Semasa pemerintahannya, Abu Bakar berhasil
memperluas daerah dakwah Islamiyah, antara lain ke Irak yang ketika itu
termasuk wilayah jajahan Kerajaan Persia, dan ke Syam yang di bawah jajahan
Romawi.
Setelah memerintah selama dua tahun, Abu Bakar
berpulang ke Rahmatullah pada tanggal 23 Jumadil Akhir 13H dalam usia 63 tahun
dan dimakamkan dekat makam Rasulullah saw. Beliau dikenal oleh para
sahabat sebagai kholifah yang sangat taat kepada
Allah SWT dan Rasul-Nya serta berbudi luhur.

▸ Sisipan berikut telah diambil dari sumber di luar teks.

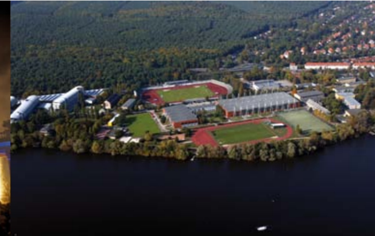
Sports and leisure park "Luftschiffhafen" at Templiner See (34)

B. Umar bin Khatthab (13-23 H/634-644 M)
Umar memiliki kepribadian yang sangat kuat, dan
tegas memperjuangkan kebenaran. Oleh karena itu masyarakat menggelarinya Al
Faruq, artinya yang dengan tegas membedakan yang benar dan yang salah.
Sedemikian gigih Umar dalam menegakkan syari’at Islam, sehingga Abdullah bin
Mas’ud mengatakan, “Sejak Islamnya Umar kami merasa mulia.” (H.R. Bukhori)

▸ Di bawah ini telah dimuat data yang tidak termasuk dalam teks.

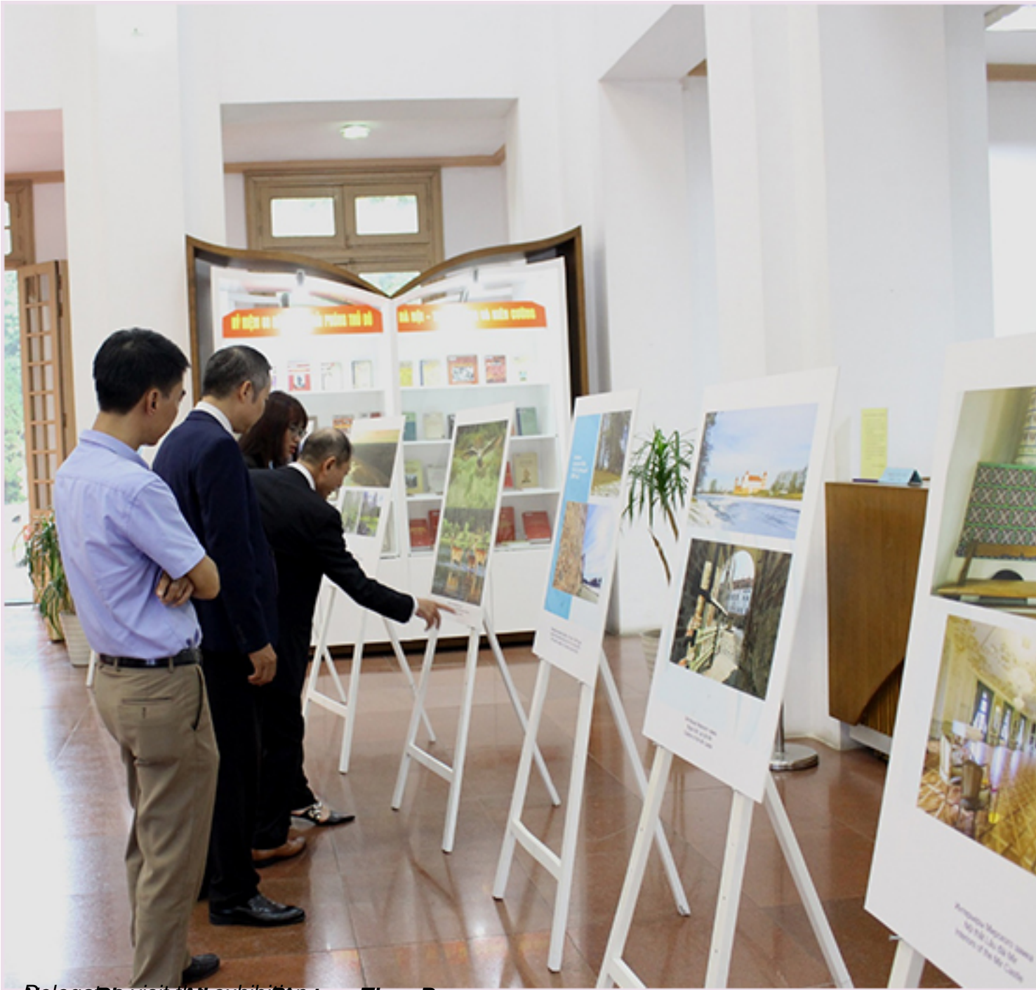
News at Phuong Minh

Mengenai kualitas keimanannya, diungkapkan dalam
sebuah hadits. Muhammad Rosulullah saw. bersabda, “Ketika sedang tidur, aku
bermimpi melihat orang-orang yang memakai gamis. Ada yang gamisnya menutupi dada
dan ada pula yang kurang dari itu. Lalu diperlihatkan kepadaku Umar bin
Khoththob mengenakan gamis yang panjang sehingga ia berjalan dengan
menyeretnya.” Seseorang bertanya, “Ya Rosulullah, apakah takwilnya?” Nabi saw.

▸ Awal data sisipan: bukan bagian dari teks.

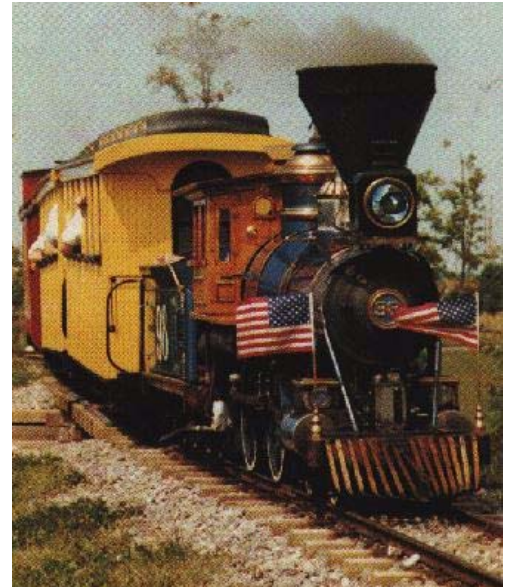
A recent photo of 98 shows her at the Old Wakarusa Railroad.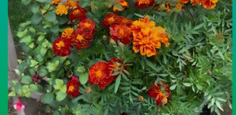
Communal winner Drummond Drive Retirement Housing

menerangkan, “Kualitas keimanannya.” (HR. Bukhori dan Muslim dari Abu Sa’id Al
Khudri ra.)
Dalam pidato pelantikannya, Umar menyampaikan,
antara lain: “Saya adalah seorang pengikut Sunnah Rasul, bukan seorang yang
berbuat bid’ah. Ketahuilah, bahwa kalian berhak menuntut saya tentang tiga hal
selain Kitab Allah dan Sunnah Nabi, yakni:
- Mengikuti
apa yang telah dilakukan oleh orang sebelum saya dalam masalah yang telah
kalian sepakati dan telah kalian tradisikan;
- Membuat
kebiasaan baru yang baik bagi ahli kebajik dalam masalah yang belum kalian
jadikan kebiasa dan
- Mencegah
saya bertindak atas kalian kecuali dalam hal hal yang kalian sendiri
penyebabnya.
Pada masa pemerintahan Khalifah Umar, wilayah Islam
semakin meluas sampai ke Mesir, Irak, Syam, dan negeri-negeri Persia lainnya.
Umarlah yang pertama kali membentuk badan kehakiman dan menyempurnakan
pemerintahan. Juga meneruskan usaha Abu Bakar dalam membukukan Al Qur-an.
Kholifah Umar wafat pada usia 63 tahun setelah
memerintah selama sepuluh tahun enam bulan. Ia wafat oleh tikaman pedang Abu
Lu’lu’ah, seorang budak milik Al-Mughiroh bin Syu’bah saat sholat subuh. Ia
diimakamkan di rumah ‘Aisyah, dekat makam Abu Bakar. Ia dikenang oleh umat
Islam sebagai pahlawan yang sangat sederhana, sportif, dan menyayangi rakyat
kecil. Kata katanya yang sangat terkenal, “Siapa yang melihat pada diriku
membelok, maka hendaklah ia meluruskannya.”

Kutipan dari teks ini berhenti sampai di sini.